The example of actual distance upper limit selection.

Actual distance (m)	Reported distance (m)
140	200
150	200
160	200
170	200
180	300

As shown in Table 1, if the target reported distance is 200 m, 170 m is taken as one actual distance upper limit record because it is the largest actual distance that makes the reported distance 200 m in this round test.

Calculating the value $D$ that makes the cumulative probability of the actual distance upper limit distribution for $W p_{i}$ up to $P$ , that is

P_{i} (d \leq D) = P

(2)

where $d$ is the actual distance. The initial target space where the target user is located is determined as a box centered on the location of the probe, with $2 D$ as the side length. The probability that the target user is covered by the determined initial target space is more than $P$ when the target user is found by the probe with the target reported distance.

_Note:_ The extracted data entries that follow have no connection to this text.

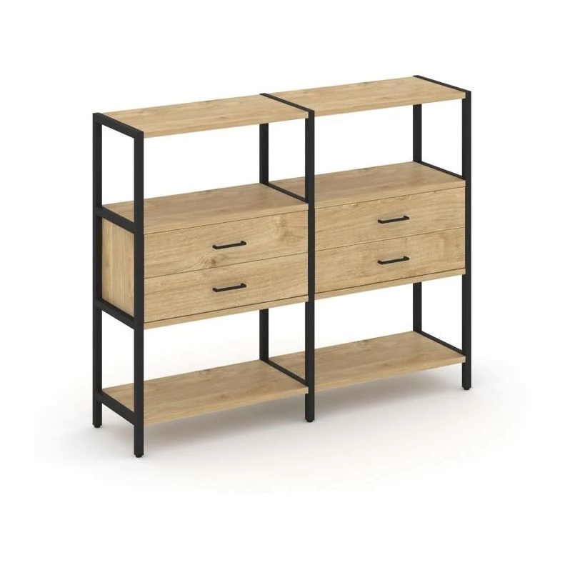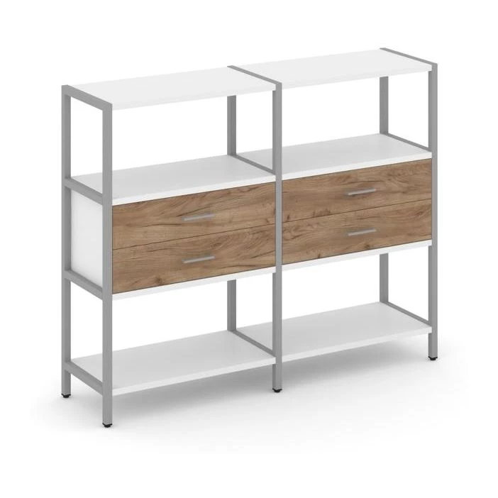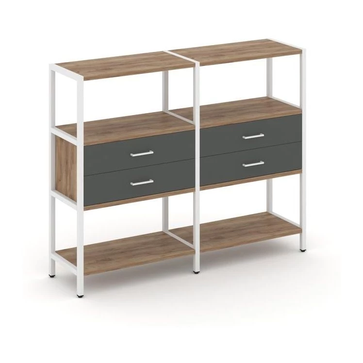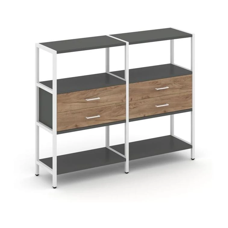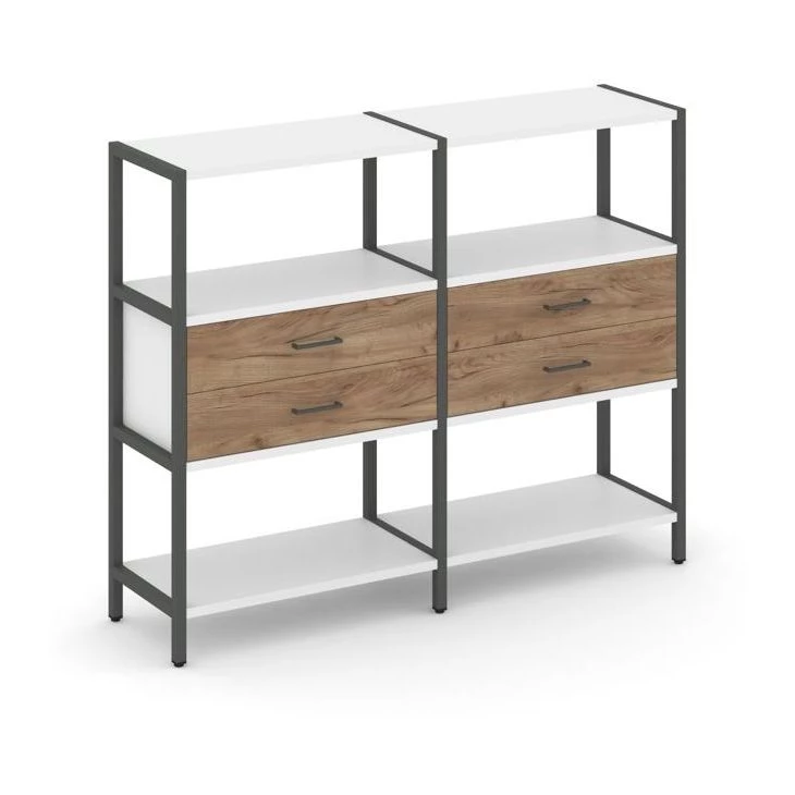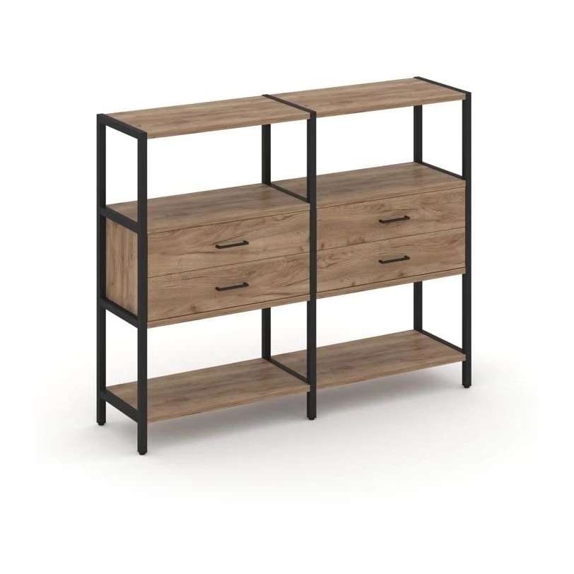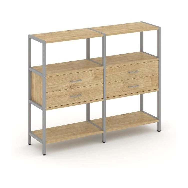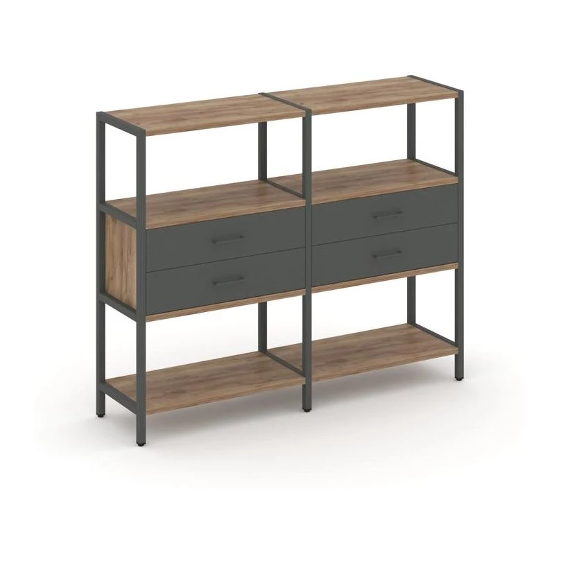 Двухсекционный стеллаж трехярусный с ящиками на одном ярусе 1590х400х1246 Shelf System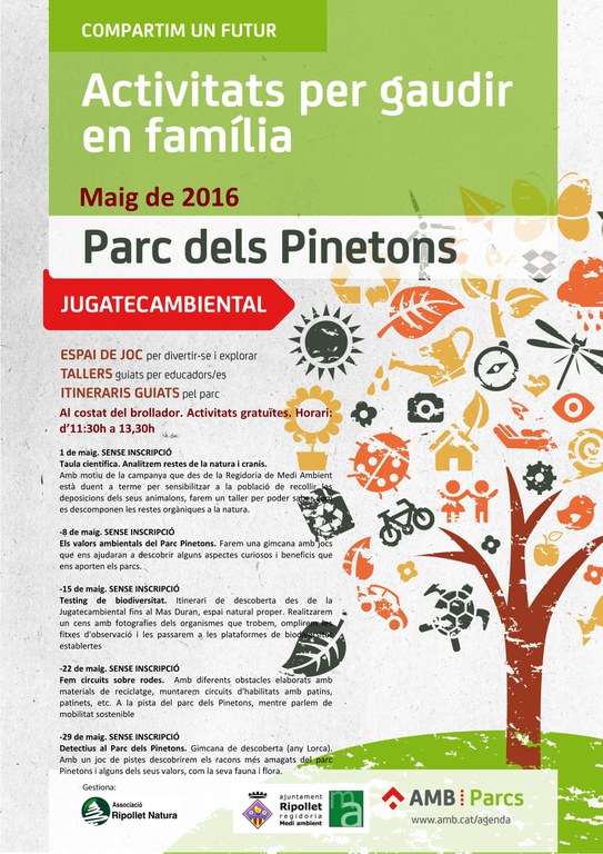 El brollador del parc dels Pinetons acull aquest diumenge, 15 de maig, a partir de les 11.30 hores, una nova sessió de la Jugatecambiental. En aquesta ocasió, l'activitat porta el títol de Testing de biodiversitat. Es tracta d'un itinerari de descoberta des de la Jugateca fins a l'espai natural de Mas Duran, en el qual els participants faran un cens amb fotografies dels organismes que es trobin pel recorregut. L'activitat és gratuïta i no requereix inscripció prèvia.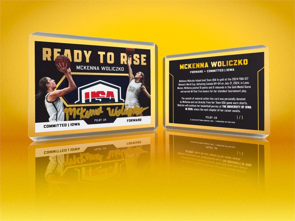 Do NOT miss your chance to own this exclusive MCKENNA WOLICZKO 1/1 collector card. This limited-edition ROOKIE CARD has been personally signed by McKenna Woliczko herself. The swatch of material included within this card was cut directly from player worn items that were personally donated. The enclosed TEAM USA SHORTS were worn by McKenna Woliczko during the 2024 FIBA U17 Women’s World Cup. Team USA defeated Canada 84 – 64 on July 21, 2024 to secure the gold medal. In the championship game, McKenna scored 19 points and grabbed 9 rebounds. McKenna also earned All-Star Five honors for her standout play. This card has been foil stamped with its 1/1 serial number.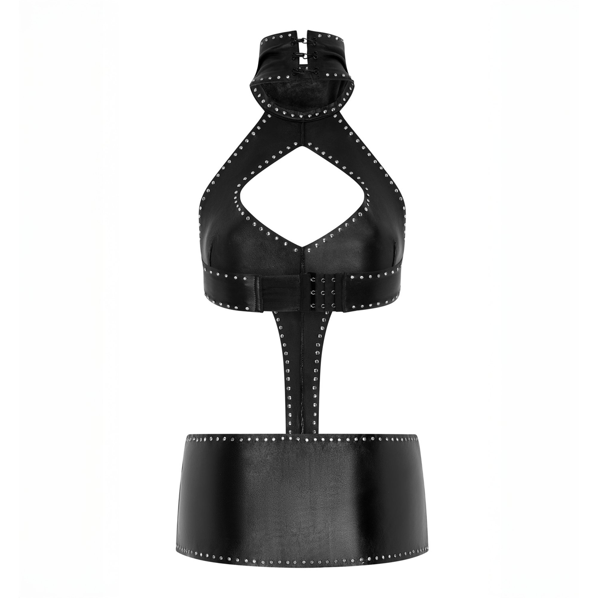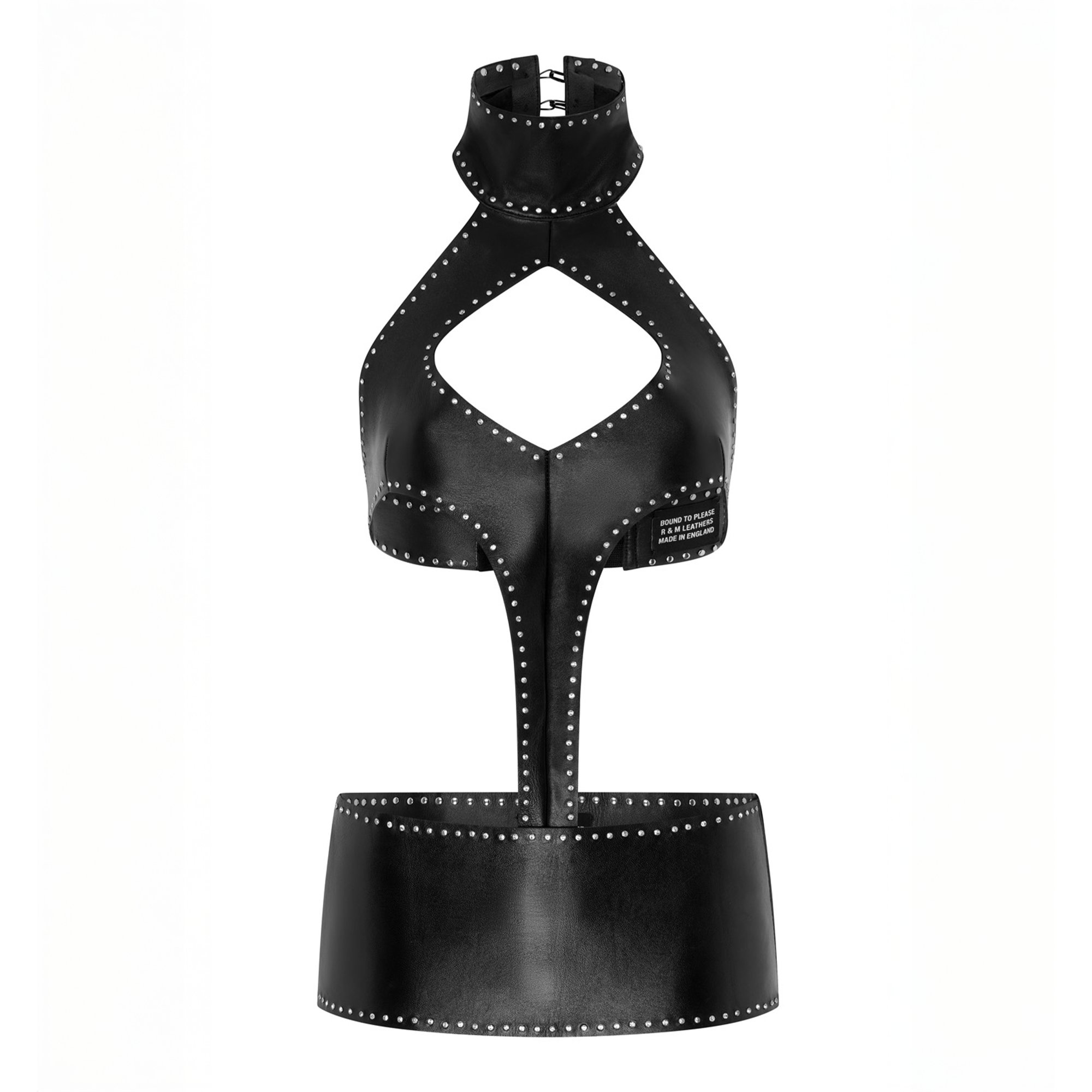Soft leather two-piece with crystal stud trim. High neck bodysuit with a key-hole bust and hook and eye fasting at the neck. G-string bottom with a detachable super mini skirt (14.5CM long, please let us know if you require it to be longer).

The value of $D$ is determined according to the cumulative probability instead of the maximum actual distance value, which can make the target space cover the location of the target user with a high probability (if $P$ is large enough) as well as narrow the initial target space to reduce time consumption.

Partitioning target space based on stepwise strategies

Since the initial space is determined, we get the rough range where the target user is located. To geolocate the target user, we must partition the initial space to achieve higher accuracy. This study delimits the effective space range of the target reported distance and proposes stepwise strategies to improve the accuracy rate of space partition.

Delimiting effective space of target reported distance

For the value $D$ is selected to ensure that the determined initial target space covers the target user’s location with a high probability, the reported distance is very likely to be larger than $W p_{i}$ even if the actual distance is smaller than $D$ . For example, if the actual distance between the target user and the probe is smaller than but approximately equal to $D$ , the reported distance is more likely to be larger than $W p_{i}$ . If we shift the probe by $D$ in each round partition and the position of the target user is close to the middle line of the current space, wrong subspace will be selected based on the original subspace judgment strategy.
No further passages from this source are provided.